The spectrum of the star is assumed to be a perfect blackbody with the
temperature given above. The parameter "starvisfrac=0.5" means that it is
assumed that the disk somehow extends down to the stellar surface (although
we model here only this tiny annulus), so that
it obscures half of the stellar surface, i.e. the surface on the sky of an
observer standing on the surface of disk. Effectively this means that only
half of the usual stellar flux reaches the disk.
The opacity table to use for this test setup has
been computed by E. Kruegel, and is the opacity per gram
gas+dust for silicate dust. A plot of the
opacity table can be found here.
If everything goes alright, the outcoming flux of the annulus (which equals
the incoming flux) from one side of the disk is:
Flux_out = 9.96E+03 erg / cm^2 / s
which is the flux at the disk's surface (i.e. not the observed flux at
1 pc).
Objective:
The objective is to compute the temperature as a function of vertical
optical depth tau (at 550 nm).
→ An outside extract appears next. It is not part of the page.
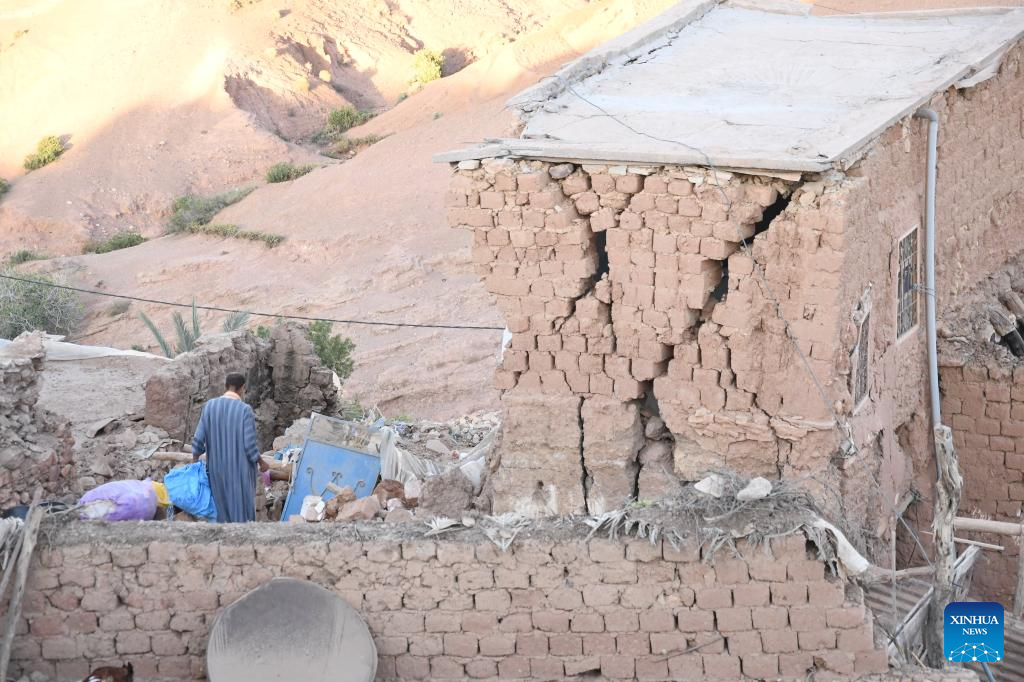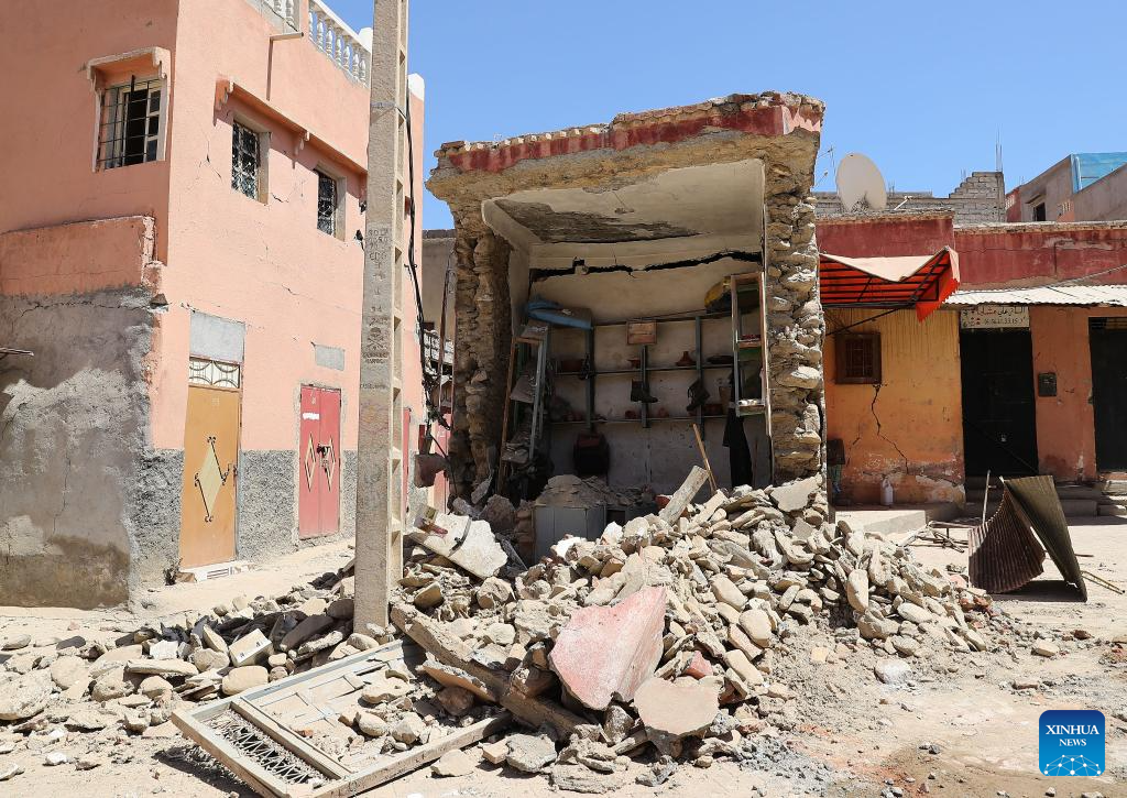 This photo shows a damaged building near the epicenter at Amizmiz Village in Morocco, Sept. 10, 2023. A 6.8-magnitude earthquake hit Morocco Friday. The epicenter of the earthquake was near the town of Ighil in Al Haouz Province, some 70 km southwest of Marrakesh.

The tau coordinate is measured
from above (i.e. from vertical height Z=infinity downwards). The
vertical density structure is irrelevant for this problem, so that is why we
specify everything in terms of tau. Once the temperature structure is
found, the spectrum (spectral energy distribution) of the annulus should
be computed for an inclination incl = 0 deg (i.e. face-on) and a
distance of d = 1 parsec. The spectrum should include only the
annulus, i.e. not the star.
We would be very grateful if you submit your results to us via Email. You would then
do us a great favor if you submit your results in the following format, although we do not insist on this.
Remarks:
The parameters M_star and H_p are non-essential parameters.
But the value of H_p can be used to convert tau_tot into
the vertical coordinate z (height above the midplane), if one wishes
to use format type 1 for the submission. The
Density profile is then defined to be a Gaussian:
rho = Sigma exp(-0.5*z^2/H_p^2) / sqrt(2 pi) H_p.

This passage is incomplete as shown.